Telefonica internship

Catastrophic forgetting

Hard attention on the task ...

During October 2017 and December 2017 I have done an internship at Telefonica R&D department, working with Joan Serra. It’s been 6 years since I collaborated with him, and I am happy to have worked again. One can learn a lot from Joan, particularly when it comes to his sound research methodology and writing skills. It was good to shift a bit from music and work on a more general topic in machine learning. This time it was catastrophic forgetting.

J. Serra, D. Suris, M. Miron, and A. Karatzoglou, “Overcoming catastrophic forgetting with hard attention to the task” International Conference on Machine Learning 2018 (submitted)

A draft of the paper is already on arxiv and you can take a look.

What is catastrophic forgetting?

Ideally we want machines to learn in a sequential fashion, accumulating the knowledge learned in previous tasks, and using it to help future learning. In the more specific deep learning context, catastrophic forgetting is an undesired but natural behaviour of neural networks when trained to solve more than one task. By these means, catastrophic forgetting is related to other machine learning problems such as incremental learning and multitask learning.
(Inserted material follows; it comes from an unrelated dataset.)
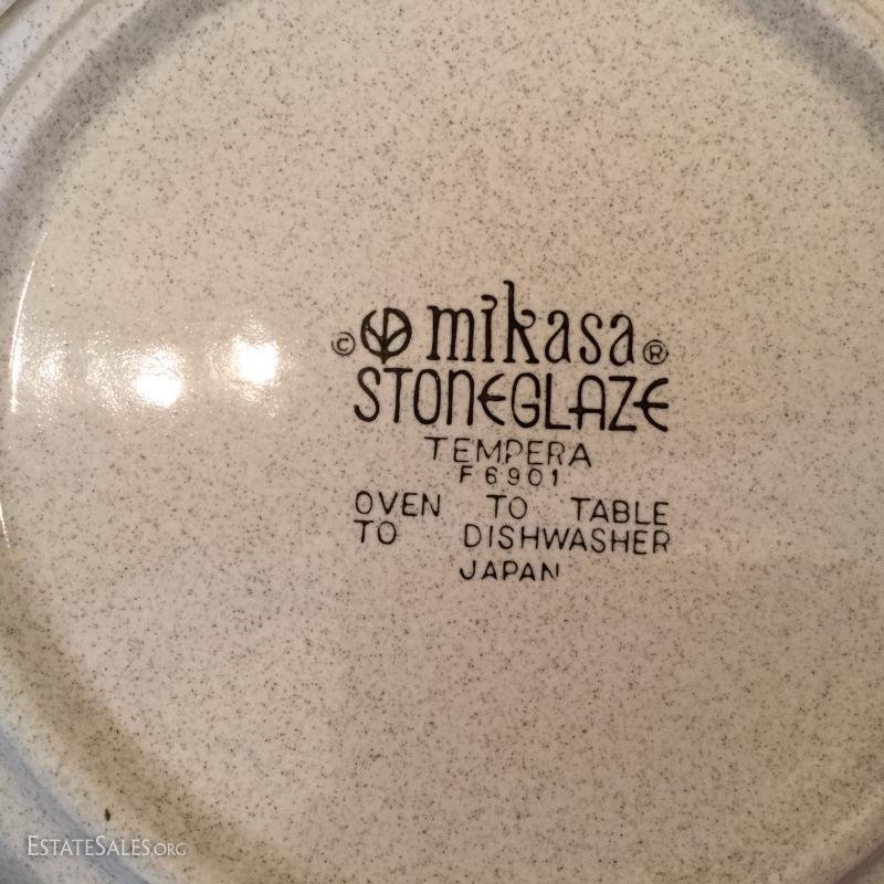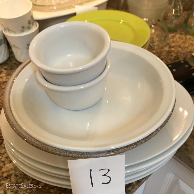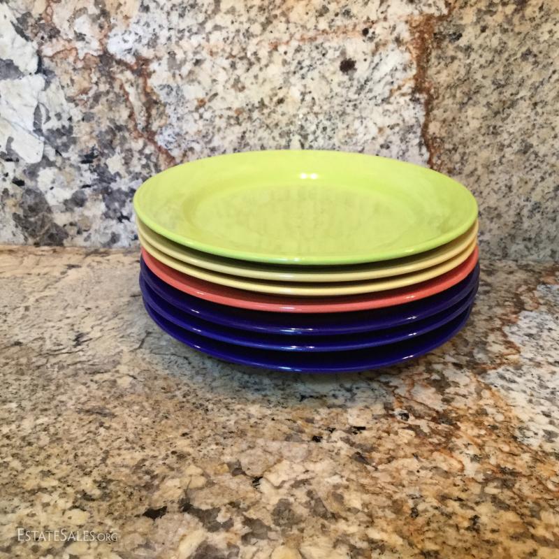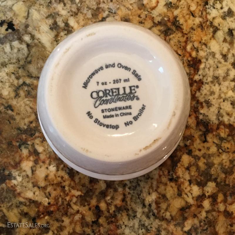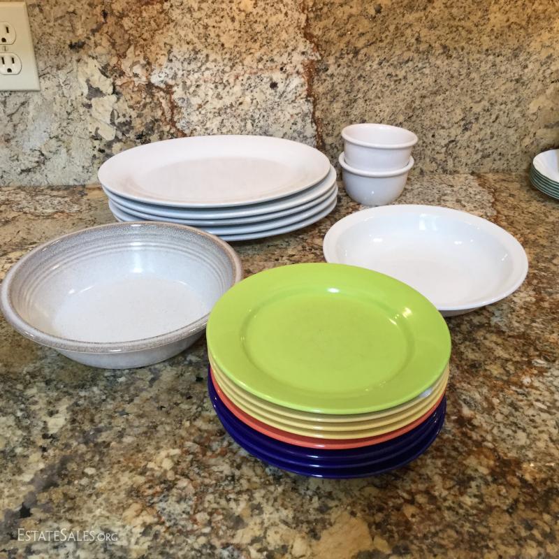 Assorted dishes by Corelle, Mikasa Stoneware and Cordon Bleu. Mostly white dishes and several bright colored plates. See photos. 17 pieces in total.

So what was the approach? Actually, it was Joan’s idea on introducing the id of the task as an input into the network, in other terms, putting hard attention to the task. In paralel to the network, the task id is encoded as a set of embeddings which after a gating mechanism become almost binary. This is multiplied element-wise with the activations of each layer in the network, protecting weights which were important for previous tasks, and, thus, not forgetting. Then, through a regularization parameter which enforces sparsity, the network can compress its capacity to the point of allowing the remaining capacity for the future tasks.


I was glad to contribute on implementing or improving state of the art methods. It was real fun to have it a go with PathNet and Progressive Networks which were two approaches published by researchers in DeepMind.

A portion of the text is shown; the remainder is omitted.